# Can kinetic and static friction act at the same time for this object rotating inside an accelerating cylinder?

I do not have the solution to your problem, which does not seem to be easy.
But in Coulomb's law, I think it is not possible to suppose a "partial slip" in one direction. Ther is only one friction coefficient which can depend of the Sliding speed. If the mass slips, the norm of the tangential component $\sqrt{{{T}_{\theta }}^{2}+{{T}_{z}}^{2}}$ is $fN$. And the direction of $\overrightarrow{T}$ is **opposite** to the sliding speed $\frac{{{T}_{\theta }}}{{{T}_{z}}}=\frac{R\overset{\centerdot }{\mathop{\theta }}\,}{\overset{\centerdot }{\mathop{z}}\,}$ in the frame of the rotating cylindrer. Normally, it must make the problem mathematically complete.

There is also a problem of stability by putting oneself at the limit of the slip. Even if the angular velocity remains constant, a small negative vertical velocity destroys the initial equilibrium which is therefore an unstable one ?

Both cases are possible depending on the physical origin of the static friction, which is actually not a simple matter.

For example, a car wheel which slides sideways will have difficult time sticking to the ground in the froward direction as well. That means, sliding in any direction makes the static friction force 'switch' to the kinetic one.

However, one might carefully construct a surface that is so anisotopic that an object glides easily in the x direction while very hard to move in the y direction. In such a case, this object can experience kinetic and static friction in the same time.

I change this model ,so it is more "realistic" model , but i try to answer the question "Can kinetic (dynamic) and static friction forces act at the same time?"

We have to distinguish between two states , static state and dynamic state.

**Static State**

As long as the weight $mg$ is less then the static friction force , the mass will stick to the cylinder wall.

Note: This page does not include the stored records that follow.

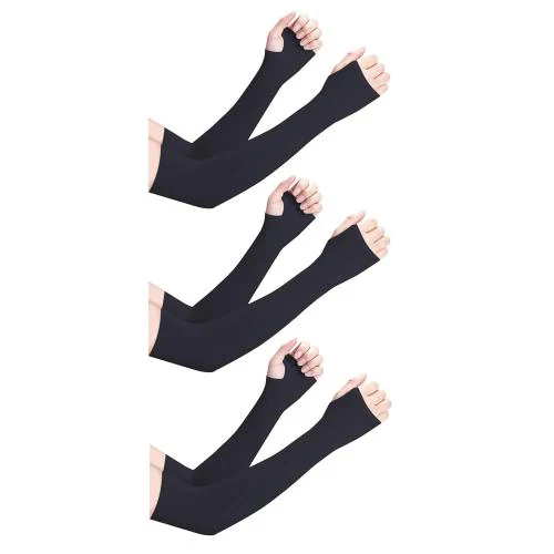 XJARVIS Arm Sleeves UV Sunblock Protection With Thumb Hole for Men & Women Perfect for Running, Cycling, Driving, Basketball, Football & Outdoor Activities, Pack of 3 (Black)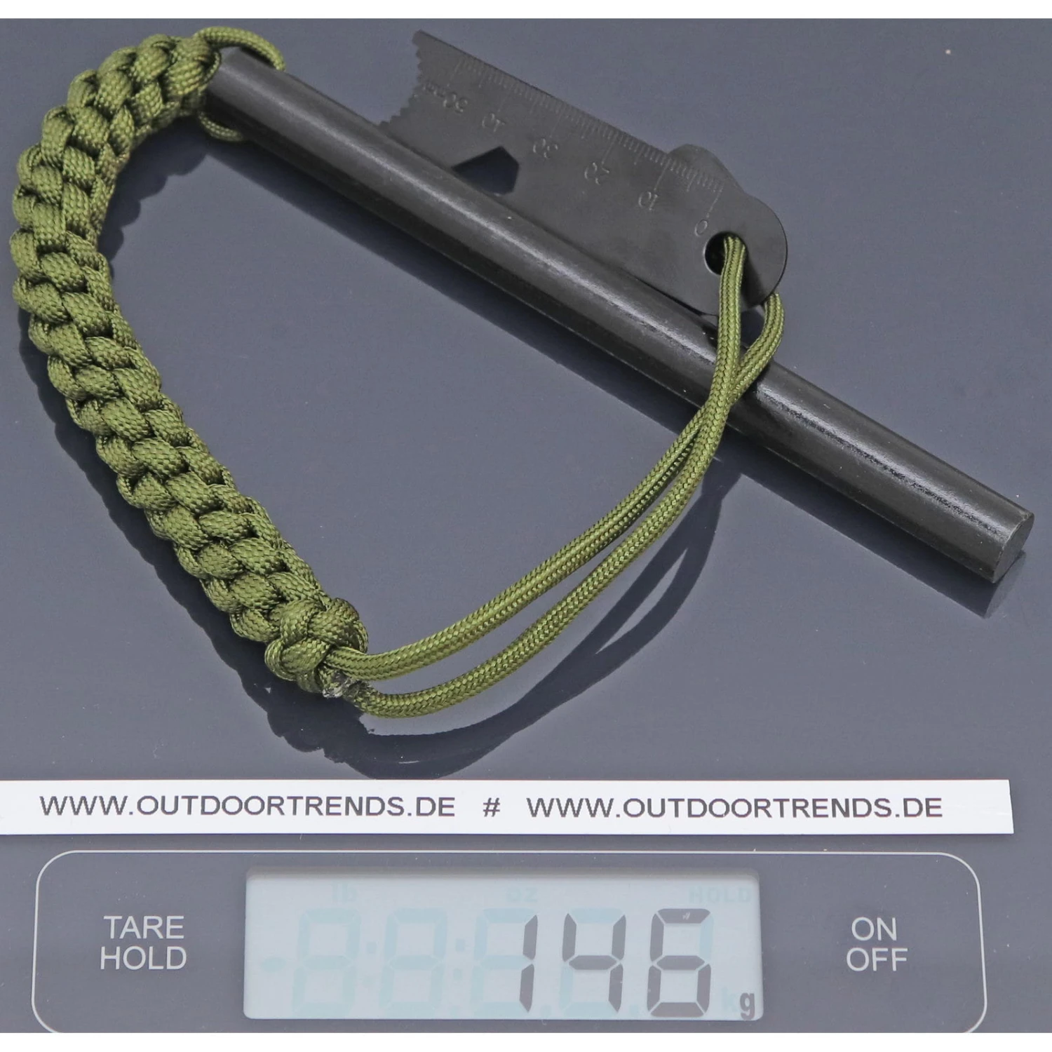 Mit bis zu 22.000 Zündungen gehört der Zündstahl Goliath von Origin Outdoors zu den langlebigsten seiner Art. Die Größe macht die Handhabung vor allem mit dem Messerrücken sehr einfach und effektiv. Ausgestattet mit ca. 3 m Paracord ist der Zündstahl unerlässlich für jede professionelle Survivalausrüstung.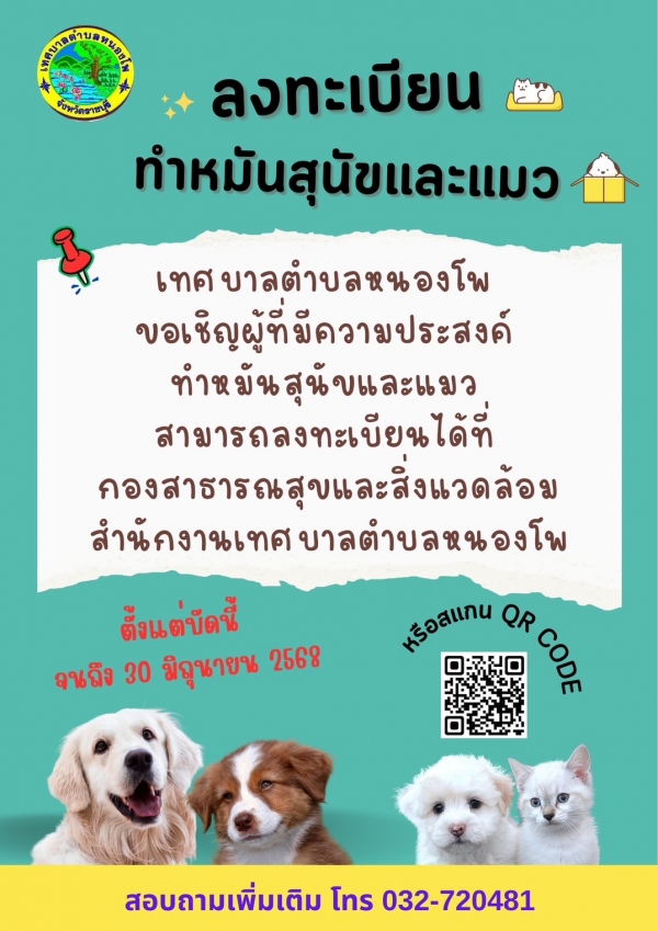 รับลงทะเบียนทำหมันสุนัขและแมวในพื้นที่เทศบาลตำบลหนองโพ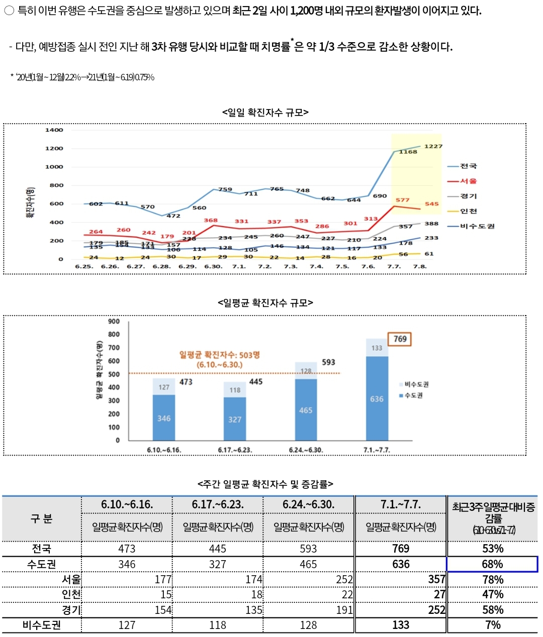 네 번째 유행 진입, 이전 3주 대비 확진자 53% 증가(7.8., 정례브리핑)

The mass will start to move when:

$$m\,g > \mu_s\,F_s+\mu_s\,m\,\omega^2\,R\tag 1$$

with: $\mu_s$ static friction coefficient,$F_s$ spring force and $\omega$ the angular velocity of the cylinder.

With equation (1) we can calculate the angular velocity ,$\omega_0$,that required so the mass start to move.

$$\omega_0=\sqrt {{\frac {m\,g-\mu_{{s}}F_{{s}}}{\mu_{{s}}m\,R}}}\tag 2$$

$\omega_0$ must be greater then zero.

$\Rightarrow\quad $ $$m > \frac{\mu_s\,F_s}{g}\tag 3$$

**Dynamic State**

We can write the equation of motion for this state.

$$m\,\ddot{z}=-m\,g+\mu_d\left(\,m\,\omega(t)^2\,R+F_s\right)\tag 4$$

with $\mu_d$ the dynamic friction coefficient .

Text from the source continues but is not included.